The real algorithm has to handle things like files being added and deleted, but this gets the gist across. With this method, if both branches never modify the same subdirectory, the merge is very efficient. This is true even if those subdirectories had tens of thousands of files changed. It doesn't matter how many changes exist on the lower levels of the tree, because merge algorithm never needs to recurse into the tree.

How Dolt Does Merges

Now let's look at how Dolt stores your database tables. Dolt also uses Merkle trees to represent your data. More precisely, we use a special kind of Merkle tree called a Prolly Tree, which stores an ordered list of key-value pairs in a predictable, self-balancing way. At a specific commit, your database might look like this:

A Dolt Table

Each node in the primary index represents a range of keys. Within each non-leaf node, its children are labeled with the maximum key that appears in that child.

Like before, let's imagine that two different branches both diverge from this commit:

"Our" Dolt Branch

"Their" Dolt Branch

Given the similarities, you might assume that Dolt can merge changes to tables the exact same way that Git merges changes to directories.

I assumed that too. But I was wrong.

Instead, Dolt's original algorithm for merging a table looked like this:

  • Find all rows that changed between "their" branch and the common ancestor.
  • Find all rows that changed between "our" branch and the common ancestor, and check whether any of those conflict with the changes in "theirs".
  • For each row that changed in "theirs" that doesn't have a conflict, update that row in "ours" to match it.

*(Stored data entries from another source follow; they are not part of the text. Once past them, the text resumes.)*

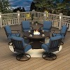 ALAULM 7PCS Metal Outdoor Patio Furniture Set w/Round Firepit Table,Patio Conversation Set 6Swivel Chairs w/Thick Cushion&40000BTU Firepit Table,NBlue
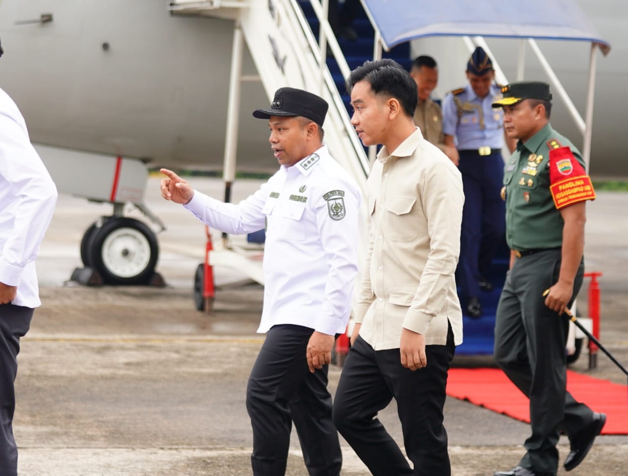 Wapres Gibran Rakabuming Raka disambut Gubri Abdul Wahid dalam kunjungan kerjanya ke Pekanbaru.
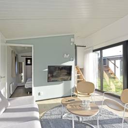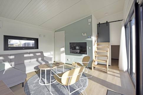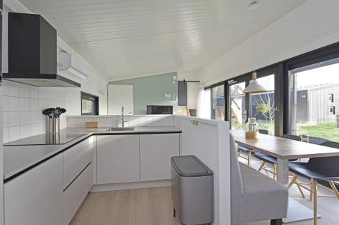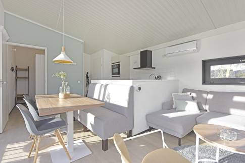 Deze sfeervolle, vrijstaande lodge biedt gelijkvloers wonen en is geschikt voor maximaal 6 personen. De woning heeft een ruime en lichte woonkamer met comfortabele zithoek, grote eettafel en vloerverwarming, waardoor het ook in de koelere maanden aangenaam vertoeven is. De open keuken is volledig uitgerust met een vaatwasser, combimagnetron, koelkast met vriesvak, kokendwaterkraan en een koffiezetapparaat voor Nespresso-cups.

This produces the merged tree, but it has a major downside: it scales in runtime with the number of changed rows on both sides of the merge. This means that if either side changed many rows, the merge will be very slow. If the branches diverged from each other a long time ago, merging will be very expensive, even if one of the branches only has a small number of changes.1

For these reasons, "long-lived branches" as a feature had a pretty noticable performance cost.

When I first discovered this limitation, I didn't understand why it existed. And looking at the trees in the example above, it seems like it would be easy to perform the merge without needing to look at the individual row changes stored in the leaf nodes of the tree.

And in this specific example, it would be easy. But merging Prolly trees in general is hard, for the simple reason that node boundaries can shift, causing the same key to appear in different nodes even when it hasn't changed.

Consider these two branches, which have the same common ancestor as the above example. Here, both commits removed a single row, causing two of the leaf nodes to combine:

"Our" Dolt Branch with a Boundary Shift

"Their" Dolt Branch with a Boundary Shift

Now look at key 3. This key exists in all three trees. Its value has not changed, and there's clearly no merge conflict. But the path through the tree to reach the key is very different, and the only way to determine that there's no conflict is to fully load the leaf nodes containing that key and compare the individual rows.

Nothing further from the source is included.